Flow (FLOW) is a Layer-1 network that was founded in 2018 by Dapper Labs and its co-founders, Roham Gharegozlu, Dieter Shirley, and Mikhael Naayem. Flow launched in May 2020 and was designed for “a new generation of games, apps, and the digital assets that power them.” Flow was one of the first networks to implement account abstractions and user experience enhancements that made it easier for developers to onboard consumers. Today, Flow’s top applications include those based on world-class brands, such as NBA Top Shot and NFL All Day.
On Flow, developers use “Cadence,” Flow’s novel programming language. Flow’s most recent development took place in March when Flow activated a rolling protocol upgrade system on mainnet. This mechanism coordinates behavior changes at predetermined block heights, so nodes can verify compatibility and upgrade without interrupting block production. By eliminating most downtime, rolling upgrades strengthen network resilience, streamline future releases, and let developers ship improvements faster. The new system builds on earlier Height-Coordinated Upgrades and marks Flow’s first major step beyond the Crescendo release. In September 2024, Flow introduced Cadence 1.0 with the Crescendo upgrade, bringing EVM equivalence to Flow via a separate Flow EVM environment. Now, developers can use Solidity to build on Flow EVM with block times of 800 milliseconds.
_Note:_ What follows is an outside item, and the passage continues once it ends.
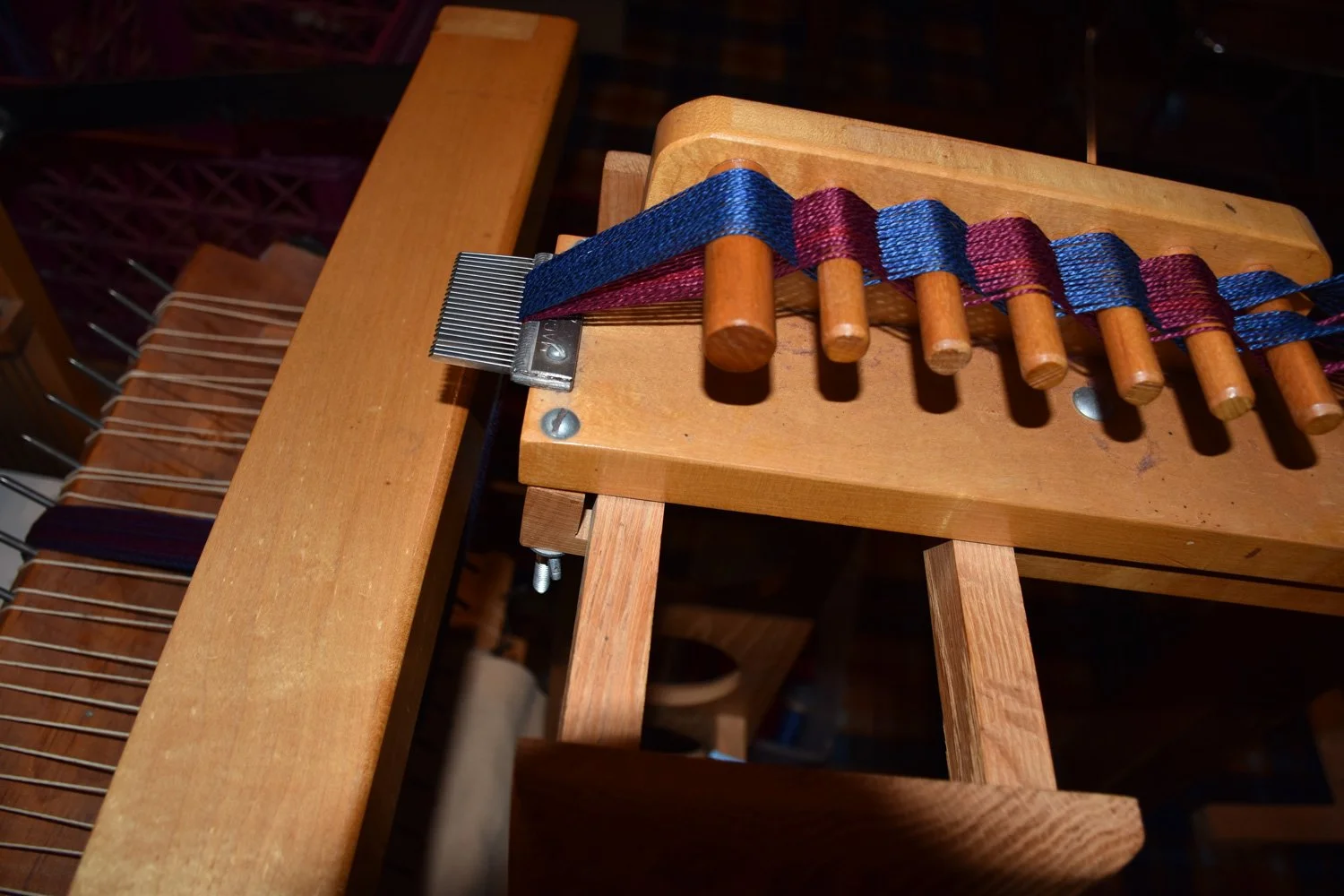 Sectional warping with 30 spools ready to wind onto the warp beam: 15 cobalt blue, and 15 pattern colors with a mix of wine and garnet.

Furthermore, developers can tap into existing tools and liquidity across the EVM, while users experience sub-cent transaction fees.
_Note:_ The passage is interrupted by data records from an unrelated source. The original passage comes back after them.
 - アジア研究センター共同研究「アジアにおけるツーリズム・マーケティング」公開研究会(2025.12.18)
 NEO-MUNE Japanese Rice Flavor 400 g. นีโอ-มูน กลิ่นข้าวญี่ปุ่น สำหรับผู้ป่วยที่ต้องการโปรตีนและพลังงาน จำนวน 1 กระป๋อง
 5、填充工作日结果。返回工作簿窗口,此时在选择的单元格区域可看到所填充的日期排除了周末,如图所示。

Flow has played a significant role in onboarding consumers into crypto by pioneering the ERC-721 token standard via CryptoKitties in 2017 and putting NFT collectibles into the mainstream via NBA Top Shot in 2021. Today, Flow continues to innovate and be a foundational part of the industry’s effort to bring new users into the space. For a full primer on Flow, refer to our Initiation of Coverage.
Website / X / Discord / Telegram
Key MetricsFLOW is the native token of Flow that is used (i) as the primary medium of exchange on Flow and (ii) for staking to facilitate various staking-related functions. In Q1 2025, FLOW’s price fell 45.2% QoQ to $0.38, its lowest close since Q3 2024. That pullback cut circulating market capitalization by 44.5% to about $0.6 billion, while circulating supply edged up 1.2% to 1.57 billion FLOW in line with the protocol’s weekly inflation schedule. FLOW’s circulating market cap ranking fell from 89th to 92nd.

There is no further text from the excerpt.